== Work required ==
Write out each line of the listing as it stands, without the images.

== Data segment ==
↓

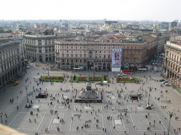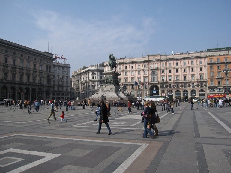 Пьяцца Дуомо — самая красивая площадь Милана во власти великолепного фасада собора Дуомо. В центре площади установлен памятник в честь первого короля объединенной Италии. Уже в течение римской эры эта область была сердцем Милана. Во время Средневековья здесь появилось несколько церквей и Дуомо стала центром религиозной жизни в Милане. Сегодня широкая Площадь Дуомо является популярным местом для собраний, постоянно переполняясь туристами и местными жителями.
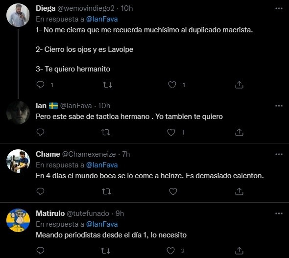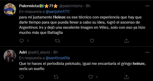 De la nada, muchos hinchas del Xeneize en Twitter pidieron por Gabriel Heinze. “Es ahora”, publicó uno junto a un video en el que el “Gringo” le responde con todo a un periodista. “Es ese técnico con experiencia al que hay que darle tiempo para que pueda llevar a cabo su idea”, expuso otro.
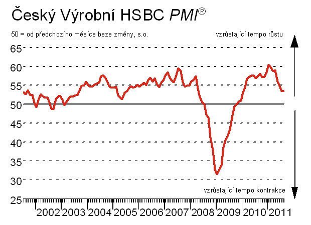Hlavní Výrobní PMI pro Českou republiku od HSBC je kompozitní jednociferný ukazatel celkového výkonu ve výrobním sektoru. Hodnoty nad 50 bodů poukazují na všeobecné zlepšení podnikatelských podmínek. PMI se oproti červencovému minimu ve výši 53,4 bodu nezměnil, což však maskuje rychlejší nárůst jak nových zakázek, tak výroby. Příspěvek těchto dvou složek však byl vymazán slabším výkonem v oblasti dodacích lhůt dodavatelů, zaměstnanosti a zásob vstupů na skladě.
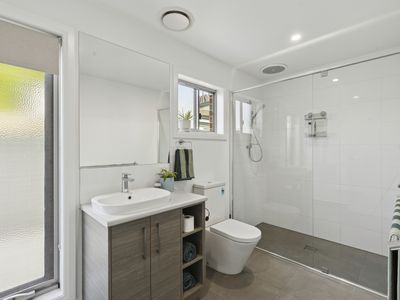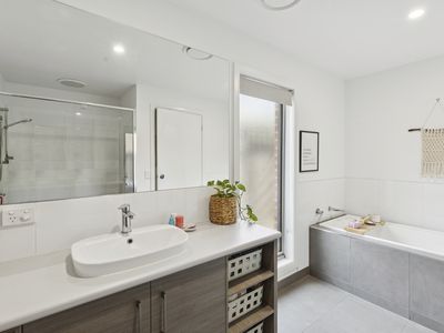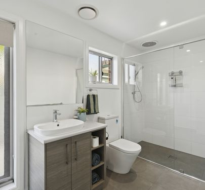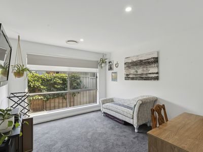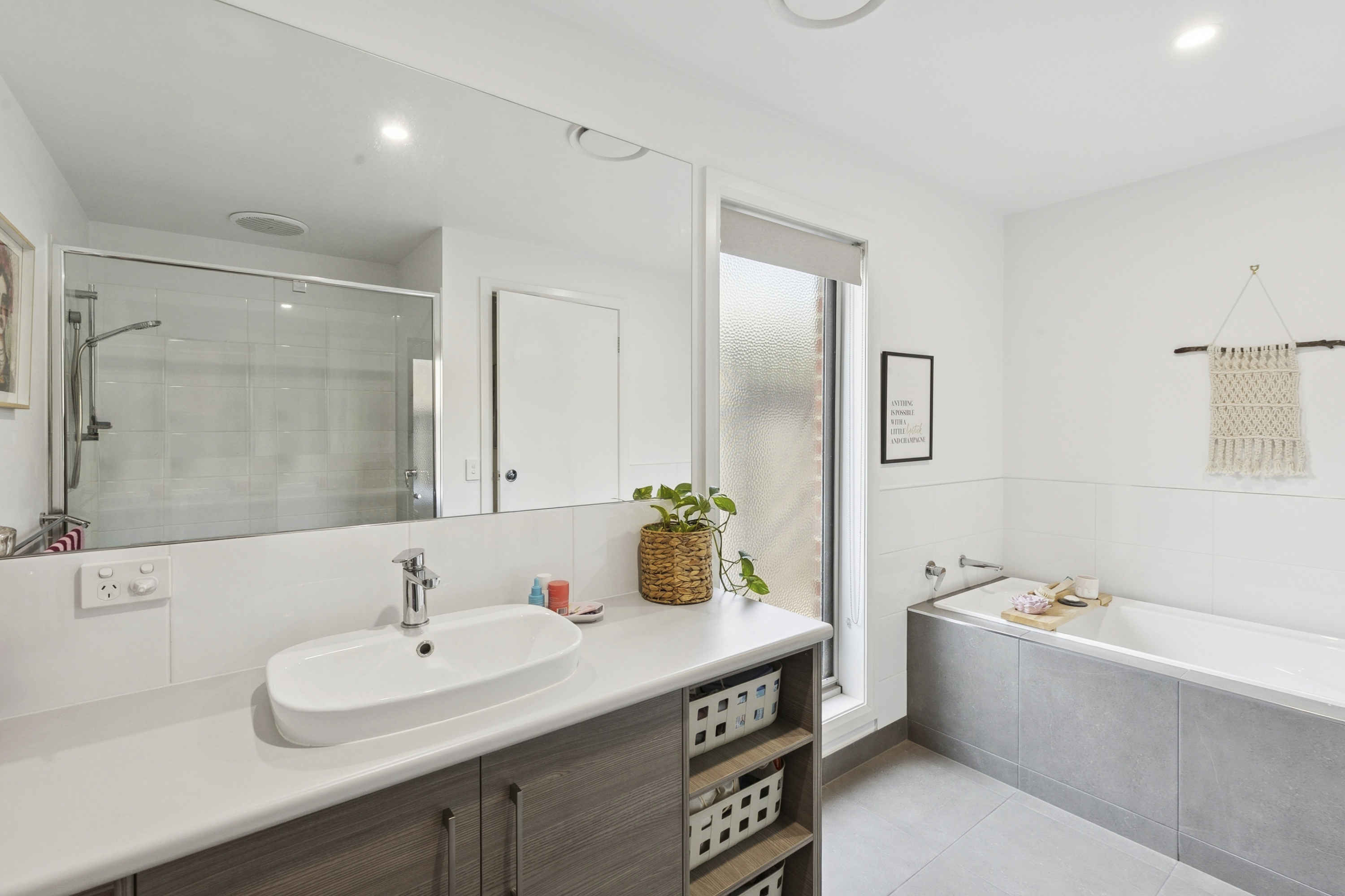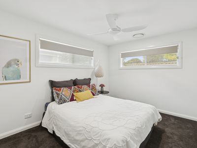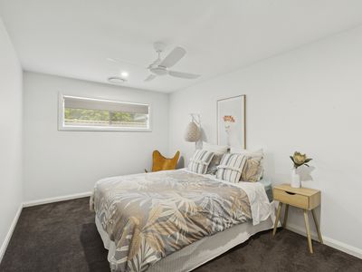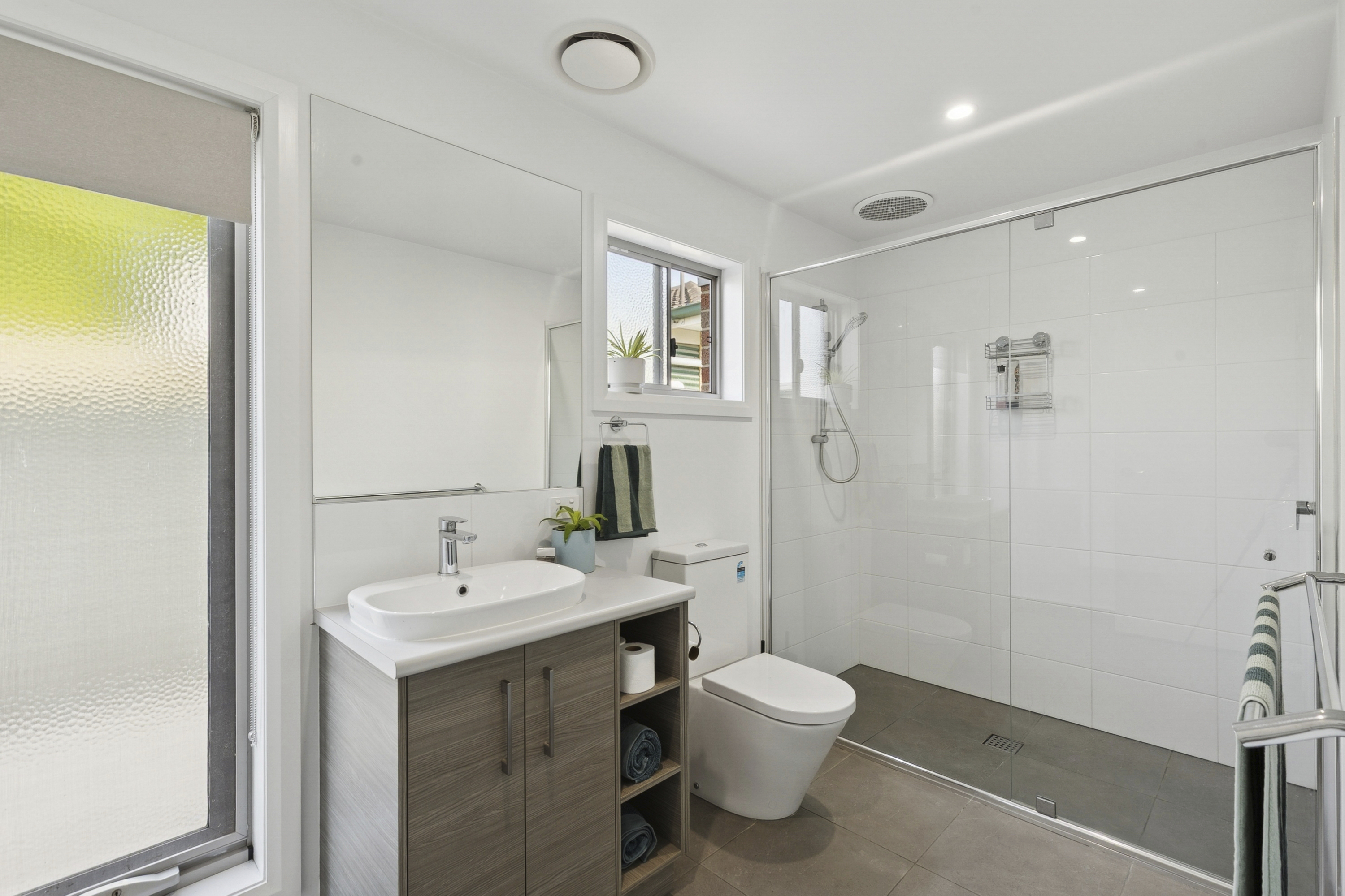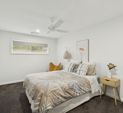 Behind its sleek, low-maintenance façade, the home opens to a light-filled and generously proportioned interior. The master bedroom is well-appointed with a built-in robe, ceiling fan, and private ensuite, while two additional bedrooms are equally generous in size, each featuring built-in robes and ceiling fans.

↑

== Expected output ==
 Пьяцца Дуомо — самая красивая площадь Милана во власти великолепного фасада собора Дуомо. В центре площади установлен памятник в честь первого короля объединенной Италии. Уже в течение римской эры эта область была сердцем Милана. Во время Средневековья здесь появилось несколько церквей и Дуомо стала центром религиозной жизни в Милане. Сегодня широкая Площадь Дуомо является популярным местом для собраний, постоянно переполняясь туристами и местными жителями.
 De la nada, muchos hinchas del Xeneize en Twitter pidieron por Gabriel Heinze. “Es ahora”, publicó uno junto a un video en el que el “Gringo” le responde con todo a un periodista. “Es ese técnico con experiencia al que hay que darle tiempo para que pueda llevar a cabo su idea”, expuso otro.
Hlavní Výrobní PMI pro Českou republiku od HSBC je kompozitní jednociferný ukazatel celkového výkonu ve výrobním sektoru. Hodnoty nad 50 bodů poukazují na všeobecné zlepšení podnikatelských podmínek. PMI se oproti červencovému minimu ve výši 53,4 bodu nezměnil, což však maskuje rychlejší nárůst jak nových zakázek, tak výroby. Příspěvek těchto dvou složek však byl vymazán slabším výkonem v oblasti dodacích lhůt dodavatelů, zaměstnanosti a zásob vstupů na skladě.
 Behind its sleek, low-maintenance façade, the home opens to a light-filled and generously proportioned interior. The master bedroom is well-appointed with a built-in robe, ceiling fan, and private ensuite, while two additional bedrooms are equally generous in size, each featuring built-in robes and ceiling fans.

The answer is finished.